One Standard, Every Backend #
The strategic case for OTel over vendor-specific SDKs: every major observability platform now supports gen_ai.* attributes natively. Datadog announced native support for OTel GenAI semantic conventions. Honeycomb, New Relic, Grafana, and Dynatrace all support them. Instrument once against the standard, route your telemetry to any backend, switch backends without touching instrumentation code. Vendor-specific LLM observability SDKs do not offer this. You instrument with their SDK, you are locked to their platform — a bet worth avoiding in a market moving this fast.
What Is Coming Next #
The OTel GenAI SIG is actively expanding three areas. The agent span semantic conventions are growing to cover multi-agent systems — tasks, agent teams, memory operations, and artifact tracking. Stable mcp.* attributes for MCP tool tracing are in progress; when those land, you will have end-to-end visibility from agent invocation through every MCP tool call. Standardized cost-tracking attributes and quality signals like time-to-first-token are also on the roadmap.

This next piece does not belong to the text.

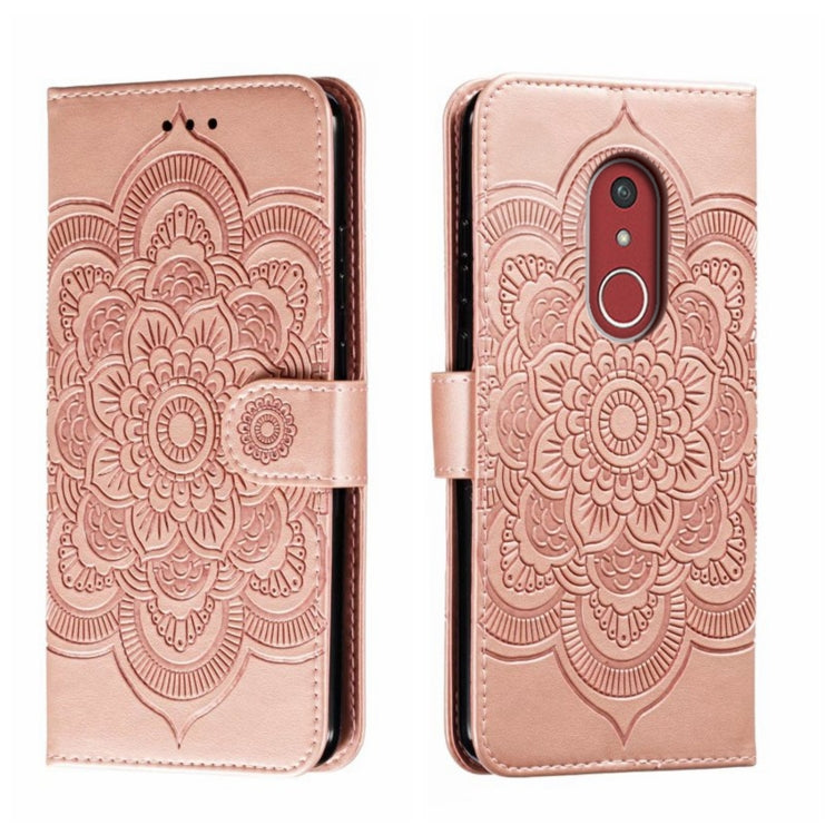 Funda de Cuero para Rakuten Hand 5G con Patrón Sun Mandala en Relieve (Oro Rosa)

The overhead argument against instrumentation does not hold: OTel adds under 1ms per call, and LLM API latency runs 100ms to 30 seconds. Per OpenTelemetry’s GenAI observability guide, the cost of not instrumenting — debugging agent failures by guesswork — is substantially higher. If you are shipping agents to production, instrument them first. Visibility before features.